§ Provided material
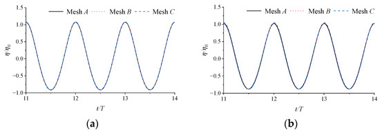The wave parameters used in this section are shown in Table 2, which are consistent with Zhang et al.’s experiment [20]. In Table 1, S = η0/L is wave steepness, η0 is wave elevation, L is wave length, T is wave period.
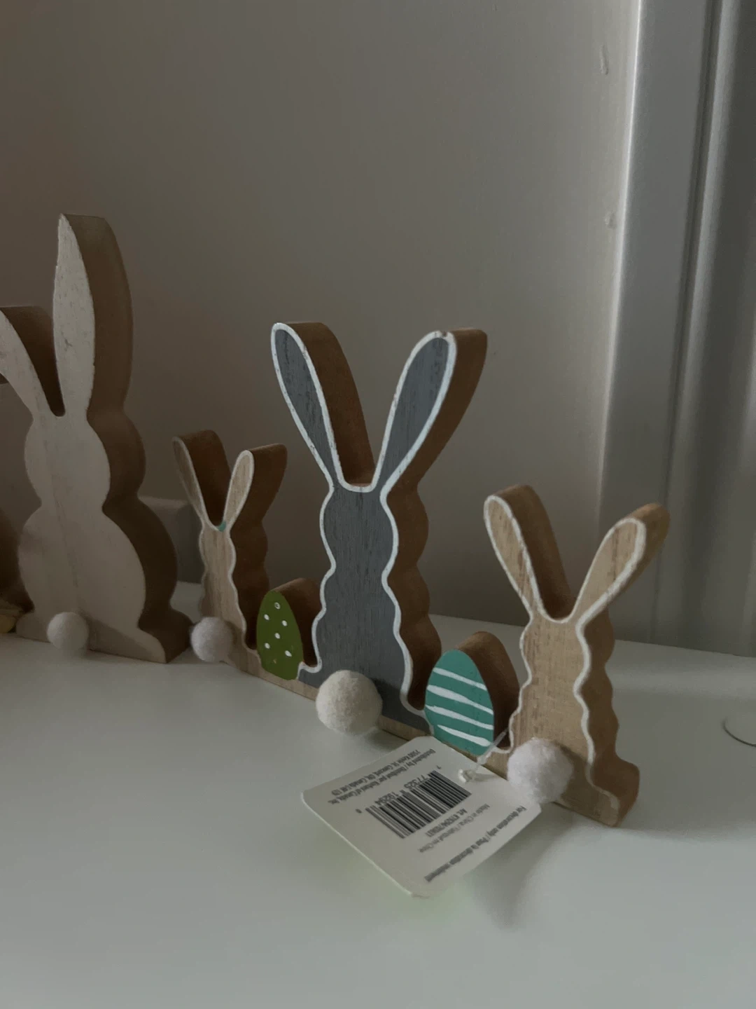 This set includes several wooden bunnies and Easter eggs, perfect for seasonal decor. It's made of wood with some painted details and small fuzzy pom-poms. Adds a cute touch to any home for spring celebrations!
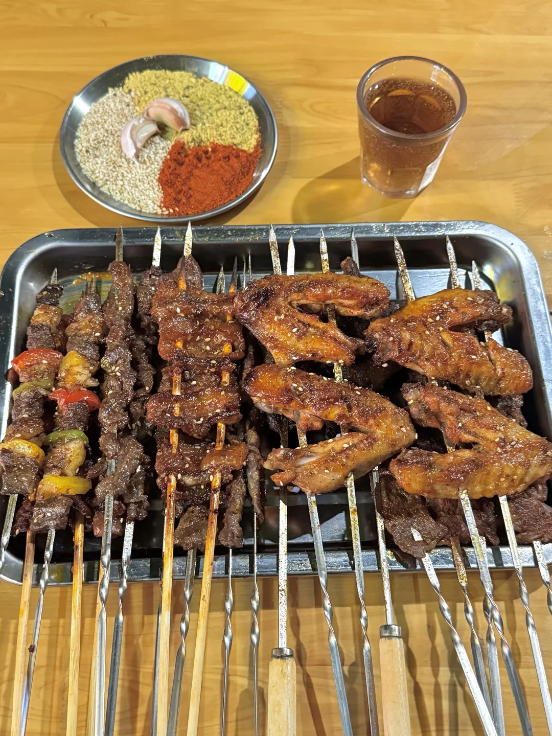 梅花肉串、大油边、烤鸡翅中、吊龙串这几样,我真的每次都会点,属于怎么吃都不会腻的类型。
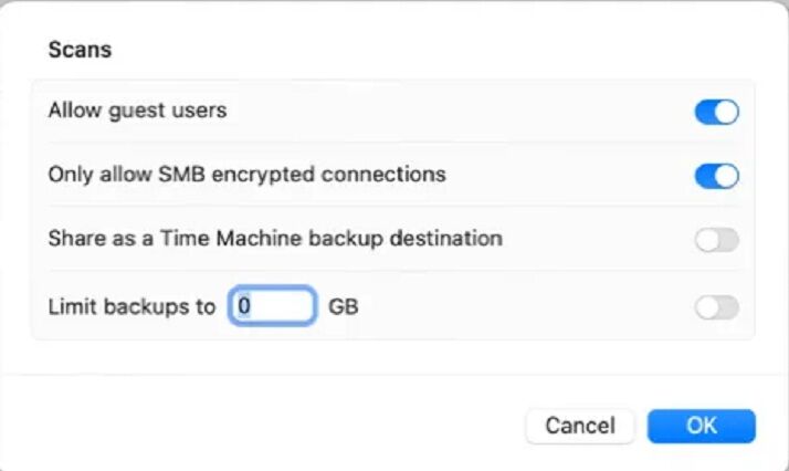 4. To select a specific folder to share, click the Add button at the bottom of the Shared Folders list, locate the Scans folder, select it, then click Open. Right-click the name of the shared folder, then choose Advanced Options to turn on the following options. Only allow SMB encrypted connections . Click OK

§ Exercise objective
All lines from the line with "梅花肉串、大油边、烤鸡翅中、" through the final line of the listing are to be printed exactly, both ends included; the pictures are not.

§ Answer
 梅花肉串、大油边、烤鸡翅中、吊龙串这几样,我真的每次都会点,属于怎么吃都不会腻的类型。
 4. To select a specific folder to share, click the Add button at the bottom of the Shared Folders list, locate the Scans folder, select it, then click Open. Right-click the name of the shared folder, then choose Advanced Options to turn on the following options. Only allow SMB encrypted connections . Click OK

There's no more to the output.